Ryan points out that “it is difficult to distinguish between the political and religious aspects of the cultural transformation experienced by English society at the beginning of the nineteenth century”; the vitality of dissenting communities and of millenarianism gave “eschatological resonance to current events . . . during the Revolutionary and Napoleonic eras” (3). Other scholars—E. P. Thompson, M. H. Abrams, David V. Erdman, Terence Hoagwood, Ian McCalman, John Mee, and others—have argued that the relationship worked the other way: eschatological vocabularies represented the political significance of the Revolution and the war. But Ryan’s concern is the relationship between those two discursive sets, sociopolitical change and religious myth.

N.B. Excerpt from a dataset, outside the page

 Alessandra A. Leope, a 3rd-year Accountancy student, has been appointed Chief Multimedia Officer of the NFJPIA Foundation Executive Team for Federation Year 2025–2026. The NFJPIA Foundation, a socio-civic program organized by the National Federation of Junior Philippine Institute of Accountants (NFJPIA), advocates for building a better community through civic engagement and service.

The introduction states the book’s primary thesis: “all the poets [treated in the book] committed themselves resolutely to this work of cultural critique,” wherein “the role of religion” is “a dynamic ideology behind social and political action” (4). Ryan writes that all the writers he discusses “dedicate their talents to the subversion or revision of coercive and obscurantist systems of belief” (5). Revolutionaries and reactionaries alike understood that “to discredit Christianity [as Byron does in Cain, e.g.] was to contribute to the destabilization of the British government” (7). The reformation named in the book’s title refers to the writers’ creative expression of “radical dissatisfaction with the state of public religion in their time” (7); rather than compensatory fantasies about a super-power promising eternal rewards in some other world, Ryan argues, “the Romantic religious agenda was a response to history, to politics, to economics” (8).